Oblak has a salary around 10m. You're telling me if he decides to move on there wouldn't be a line of clubs willing to offer him more and satisfy AM with a transfer fee worth more than 100m? The club was worried about his previous 100m release clause was too low and had to remove it.
For normal clubs, a good goalkeeper is enough. For the absolute elite level clubs, paying much more for the best GKs gives them an edge and they pay to get that. Chelsea thought they had it with Kepa, Liverpool paid around 75m for Allison, and Donnarumma should be seen as a keeper in that level. In the right circumstances (not covid, Gigio proving himself in the CL, big club needing an elite GK) we could find someone willing to pay 60m+ for him and still be able to offer him matching or better wages than what we're paying him, which shouldn't exceed 8m.
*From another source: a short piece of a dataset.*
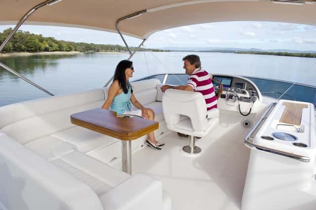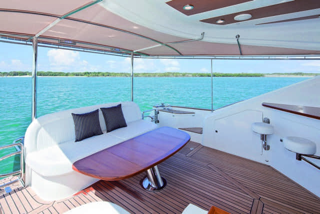 La bañera de popa queda cubierta permanentemente por un soft top que se prolonga del fly. Una robusta mesa fija se complementa con el sofá.
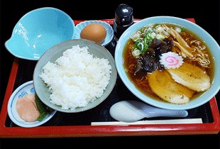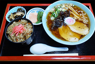 ![]() 飛騨高山鳳凰らーめん 飛騨牛味めしセット (鳳凰らーめん並・飛騨牛味めし・小鉢・漬け物) 1,330円(税込み) ※飛騨牛の炊き込みご飯です |

I really don't see the problem here. If we let him go for free then we lose the transfer. If he's willing to renew with a slight increase then we don't really change much within our wage structure. If he demands something crazy like 10m then he should walk. What are we arguing about here?
Oblak is on 10M and that is the reason why no one is after him, despite having ridiculous stats. AM will of course be asking for 100M+ for him.
Not even PSG would pay 10M+ in salary and 100M+ for a GK.
They would for a outfield player but not for a GK.
Alison went for 75M but his salary is "only" 5M, which is what I mentioned above as the only possible scenario for a GK to be sold for a high transfer fee.
Again, the only way Milan can make any money off a sale, is if Dollar was on a low wage, but that ship sailed a long, long, time ago.
We aren't ever going to be making any money out of him and we're not an elite club with 800M+ revenue, so he is a luxury we can't afford.
Not to mention the Pandora's box effect mentioned earlier.